Die Brüsseler Behörde schlug am Mittwoch einen automatischen Asyl-Mechanismus im Zuge der Reform des Dublin-Systems vor. Wer nicht mitmacht, soll 250.000 Euro Strafe zahlen - pro Flüchtling. 

Mit dem nunmehr vorgeschlagenen korrektiven "Fairnessmechanismus" will die EU-Kommission die EU-Staaten zu mehr Solidarität bei der Flüchtlingsverteilung zwingen. Beschlossen müssen die Vorschläge aber von den Innenministern und dem Europaparlament werden. Tschechien hat sich bereits gegen Strafzahlungen ausgesprochen. Widerstand gegen die Verteilung kommt aber auch aus anderen osteuropäischen EU-Staaten.

Entsprechende Referenzwerte zur Aufnahme von Asylbewerbern sollen demnach für alle EU-Staaten aufgrund der beiden Kriterien Bevölkerungsgröße und Wirtschaftsleistung errechnet werden, die zu je 50 Prozent gewichtet würden. "Wenn die aktuelle Flüchtlingskrise eines gezeigt hat, dann das, dass der Status Quo des gemeinsamen europäischen Asylsystems keine Option ist", sagte EU-Migrationskommissar Dimitris Avramopoulos. Überschreiten die Asylanträge den jeweiligen Referenzwert eines EU-Staates zu 50 Prozent, soll der Umverteilungsmechanismus künftig automatisch einsetzen.

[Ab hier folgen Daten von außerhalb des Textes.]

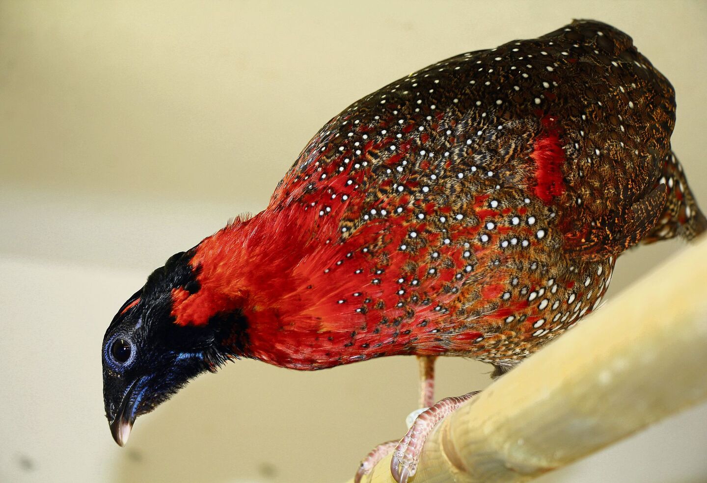 Die Voliere rechts des Eingangs zu den Innenräumen ist einem Paar Satyrtragopanen vorbehalten. Auch hier zieht wiederum das Männchen den ersten Blick auf sich. Der hellblaue Kehllatz und die weissen Punkte auforangem Gefieder lassen es edel erscheinen. Trago-pane werden noch eindrücklicher, wenn sie balzen. Um Weibchen zu gewinnen, richten sie beidseits des Kopfs Fleischzapfen auf, die wie Hörnchen wirken. Der Kehllatz wird bis zur Brust ausgedehnt, dazu werden die Perlaugenflecken des Gefieders eindrücklich präsentiert. Satyrtragopane wurden im Himalaya in Höhen bis zu 4250 Meter gesichtet. Da sie in der Natur oft in verlassenen Raubvogelhorsten brüten, montierteMargarete Sandmeier im Innenraum in der Höhe einen Korb. «Ein Ei wurde schon gelegt», sagt sie lachend. Es sei auch ein Ziel, die Arten zu züchten.

Großbritannien, Irland und Dänemark müssen aufgrund von Ausnahmeregelungen nicht mitmachen, für sie würde das bestehende Dublin-System weiter bestehen. Auch die bisher beschlossene, aber nur schleppend vorankommende Umverteilung von 160.000 Flüchtlingen in der EU soll nach den bisherigen Quoten weiter fortgesetzt werden. Der neue Mechanismus könnte drei Monate nach Inkrafttreten der neuen Dublin-Verordnung starten, hieß es in EU-Kreisen.

Freikaufen von ihrer Verpflichtung zur Aufnahme von Flüchtlingen könnten sich die EU-Staaten nur "unter außergewöhnlichen Bedingungen, wenn einzelne Mitgliedsländer nicht in der Lage wären, ihren fairen Anteil zu übernehmen", sagte EU-Kommissionsvize Frans Timmermans. Der Freikauf wäre begrenzt und zeitlich befristet. Mit Geld allein wäre das Problem nicht zu lösen, sagte Timmermans. Er konzedierte, dass die 250.000 Euro-Strafe bei der Nichtaufnahme eines Asylwerbers für ein EU-Land schon "teuer" wäre. "Aber ich glaube, um Solidarität mit denjenigen Staaten zu zeigen, die sich das aufbürden, ist das nicht zu viel verlangt."

Die Vizepräsidentin des EU-Parlaments, Ulrike Lunacek, (Grüne) bezeichnete den Vorschlag zur Dublin-Reform als Rückschritt für EU-Asylpolitik. "Auch weiterhin sollen Mitgliedstaaten wie Griechenland und Italien mit der Verantwortung für Schutzsuchende völlig allein gelassen werden. Und der Umverteilungsmechanismus, um den das Dublin-System erweitert werden soll, ist reine Augenwischerei", sagte Lunacek. Schutzsuchende aus sogenannten sicheren Drittstaaten, wozu jetzt auch die Türkei zähle, würden nicht eingerechnet. Entgegen der Rechtsprechung des Europäischen Gerichtshofs solle es auch für unbegleitete minderjährige Flüchtlinge keine Ausnahme von den Zwangsrückführungen geben.

Der ÖVP-Europamandatar Heinz Becker nannte den Vorschlag von Strafzahlungen bei Nichtaufnahme eines Asylbewerbers "überfällig und fair". Es handle sich auch nicht um einen Strafcharakter, sondern eröffne die Möglichkeit zu flexibler Solidarität. Die EU-Innenminister sollten dies nicht blockieren.